## Work required
Going down the listing below, print exactly each line from the one with "Přední část boty" up to and including the one with "Popular Mermaid Strapless", and skip the rest.

## The data
--------------------------------

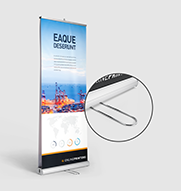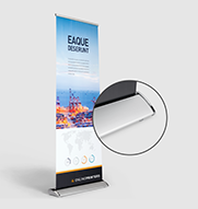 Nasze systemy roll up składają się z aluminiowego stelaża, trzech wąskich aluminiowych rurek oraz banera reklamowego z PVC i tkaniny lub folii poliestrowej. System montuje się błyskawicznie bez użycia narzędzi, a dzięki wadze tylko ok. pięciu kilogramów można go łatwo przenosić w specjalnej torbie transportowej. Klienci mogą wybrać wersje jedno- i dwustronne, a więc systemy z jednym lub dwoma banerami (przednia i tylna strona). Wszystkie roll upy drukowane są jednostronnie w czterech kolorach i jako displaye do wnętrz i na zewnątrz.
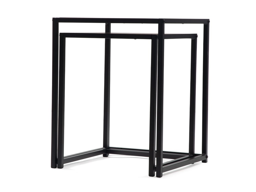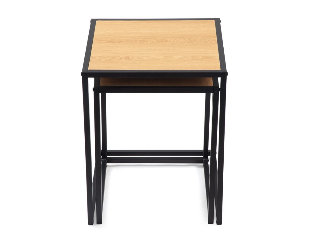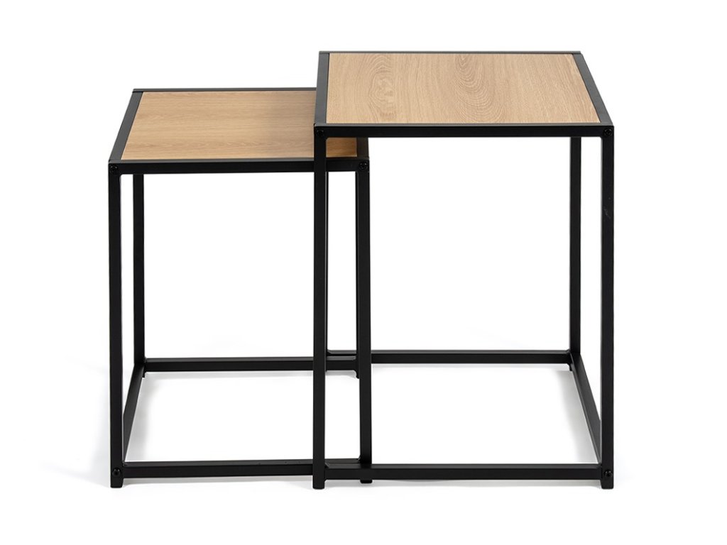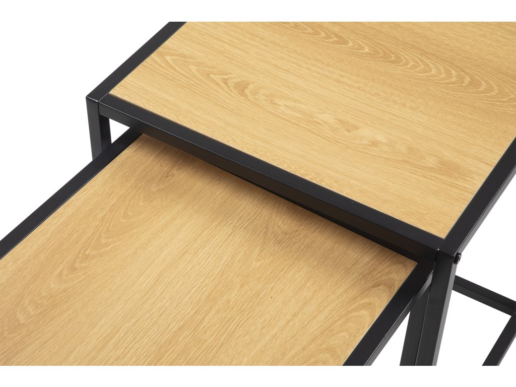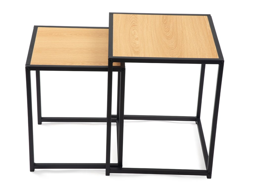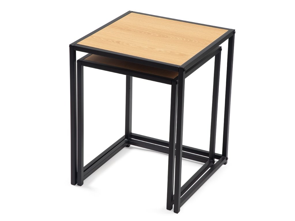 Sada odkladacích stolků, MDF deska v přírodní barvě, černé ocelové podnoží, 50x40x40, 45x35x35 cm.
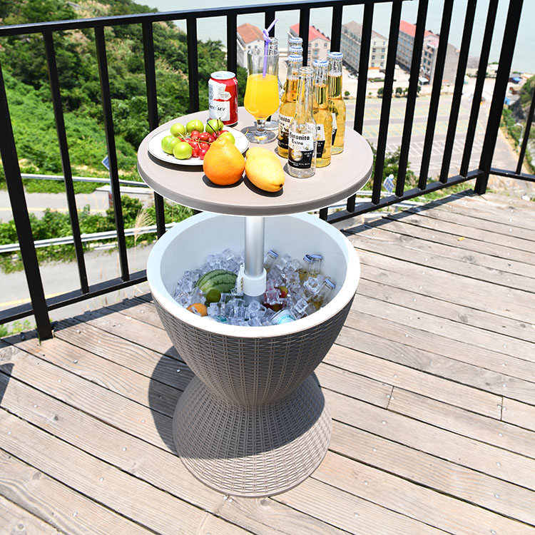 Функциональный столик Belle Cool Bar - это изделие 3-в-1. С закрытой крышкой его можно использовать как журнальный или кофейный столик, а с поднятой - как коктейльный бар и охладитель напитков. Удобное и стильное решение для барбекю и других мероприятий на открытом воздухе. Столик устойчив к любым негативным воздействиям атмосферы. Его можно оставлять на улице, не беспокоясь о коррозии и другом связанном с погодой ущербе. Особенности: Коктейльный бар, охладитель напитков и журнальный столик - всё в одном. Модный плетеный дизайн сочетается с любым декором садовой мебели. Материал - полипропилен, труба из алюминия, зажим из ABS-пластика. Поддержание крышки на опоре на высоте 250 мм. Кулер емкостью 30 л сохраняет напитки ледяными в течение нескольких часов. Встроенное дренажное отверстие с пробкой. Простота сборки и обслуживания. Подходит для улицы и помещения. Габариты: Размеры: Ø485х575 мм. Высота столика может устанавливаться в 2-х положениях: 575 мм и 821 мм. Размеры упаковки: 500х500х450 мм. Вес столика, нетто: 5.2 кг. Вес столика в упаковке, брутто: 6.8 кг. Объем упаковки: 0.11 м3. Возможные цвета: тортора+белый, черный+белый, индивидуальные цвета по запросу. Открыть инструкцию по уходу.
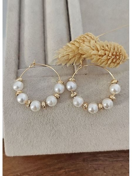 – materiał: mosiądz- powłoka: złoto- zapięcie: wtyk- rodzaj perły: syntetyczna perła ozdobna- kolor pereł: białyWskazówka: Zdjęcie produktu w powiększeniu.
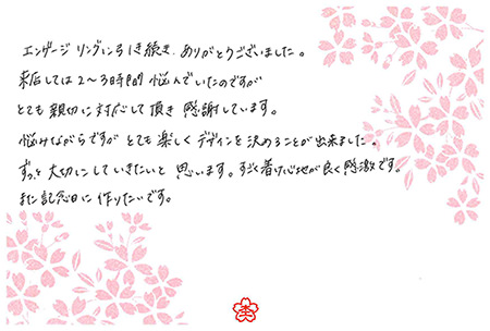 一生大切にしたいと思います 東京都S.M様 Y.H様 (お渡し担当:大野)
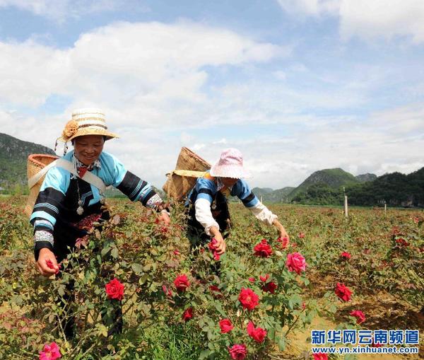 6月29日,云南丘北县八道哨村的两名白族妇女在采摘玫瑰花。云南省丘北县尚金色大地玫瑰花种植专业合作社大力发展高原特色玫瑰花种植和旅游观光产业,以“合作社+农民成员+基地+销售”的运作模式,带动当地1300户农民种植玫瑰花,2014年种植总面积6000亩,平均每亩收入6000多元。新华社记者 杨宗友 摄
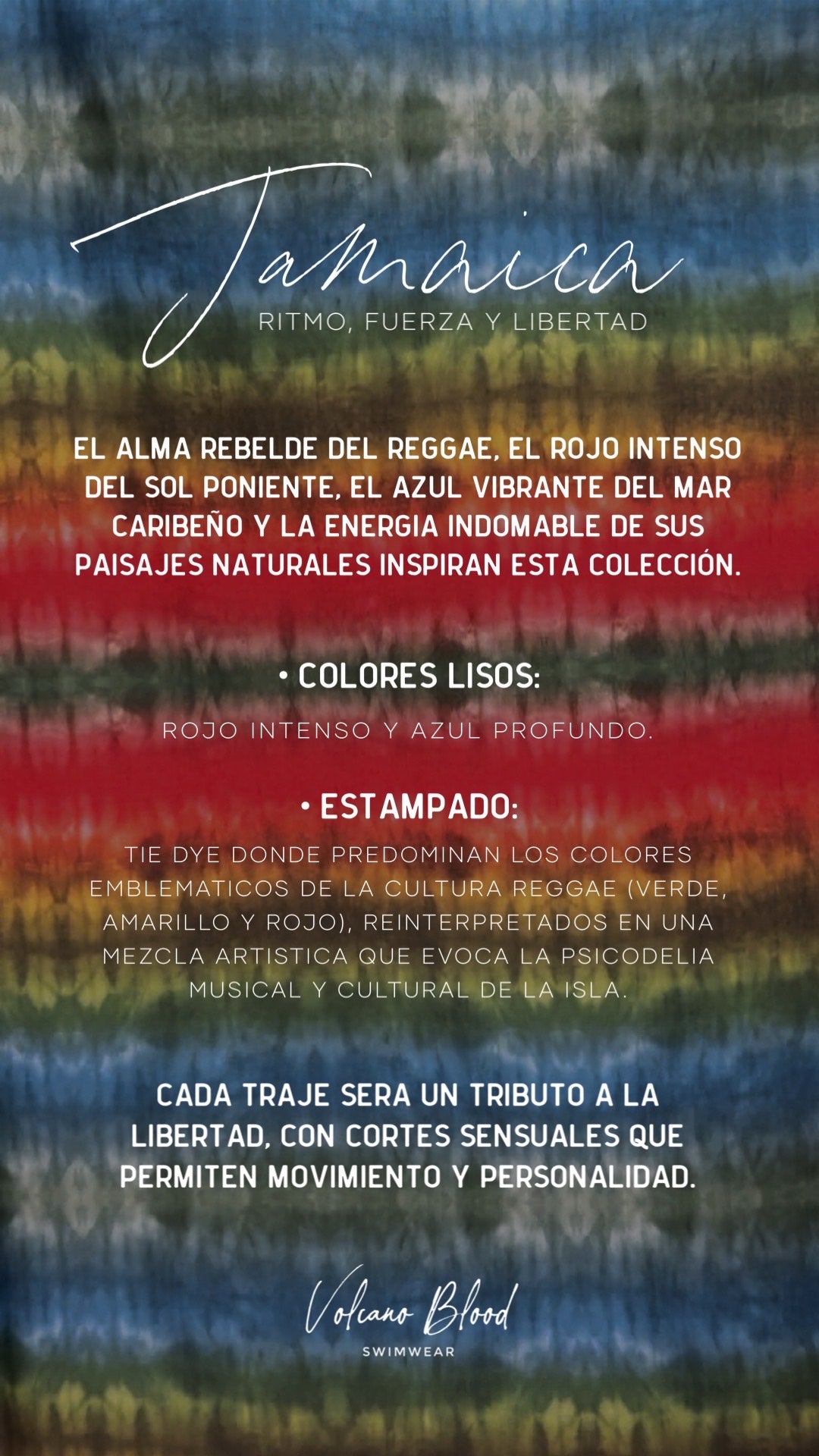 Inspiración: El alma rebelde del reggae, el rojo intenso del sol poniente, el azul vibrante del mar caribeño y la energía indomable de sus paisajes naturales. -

--------------------------------

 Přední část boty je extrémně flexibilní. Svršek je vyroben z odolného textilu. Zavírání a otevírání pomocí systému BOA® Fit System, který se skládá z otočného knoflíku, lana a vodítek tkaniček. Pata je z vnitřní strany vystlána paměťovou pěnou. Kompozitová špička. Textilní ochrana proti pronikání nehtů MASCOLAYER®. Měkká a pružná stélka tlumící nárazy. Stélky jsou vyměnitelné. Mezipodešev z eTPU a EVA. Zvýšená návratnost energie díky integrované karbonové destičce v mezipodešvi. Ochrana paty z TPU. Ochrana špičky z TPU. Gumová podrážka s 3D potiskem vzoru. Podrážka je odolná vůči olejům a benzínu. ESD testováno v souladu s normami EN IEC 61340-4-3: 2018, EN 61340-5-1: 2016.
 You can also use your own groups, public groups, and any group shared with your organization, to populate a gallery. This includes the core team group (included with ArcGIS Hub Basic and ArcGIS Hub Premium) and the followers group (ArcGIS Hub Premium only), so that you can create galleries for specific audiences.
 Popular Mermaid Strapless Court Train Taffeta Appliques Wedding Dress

--------------------------------

## Answer for the task
 Přední část boty je extrémně flexibilní. Svršek je vyroben z odolného textilu. Zavírání a otevírání pomocí systému BOA® Fit System, který se skládá z otočného knoflíku, lana a vodítek tkaniček. Pata je z vnitřní strany vystlána paměťovou pěnou. Kompozitová špička. Textilní ochrana proti pronikání nehtů MASCOLAYER®. Měkká a pružná stélka tlumící nárazy. Stélky jsou vyměnitelné. Mezipodešev z eTPU a EVA. Zvýšená návratnost energie díky integrované karbonové destičce v mezipodešvi. Ochrana paty z TPU. Ochrana špičky z TPU. Gumová podrážka s 3D potiskem vzoru. Podrážka je odolná vůči olejům a benzínu. ESD testováno v souladu s normami EN IEC 61340-4-3: 2018, EN 61340-5-1: 2016.
 You can also use your own groups, public groups, and any group shared with your organization, to populate a gallery. This includes the core team group (included with ArcGIS Hub Basic and ArcGIS Hub Premium) and the followers group (ArcGIS Hub Premium only), so that you can create galleries for specific audiences.
 Popular Mermaid Strapless Court Train Taffeta Appliques Wedding Dress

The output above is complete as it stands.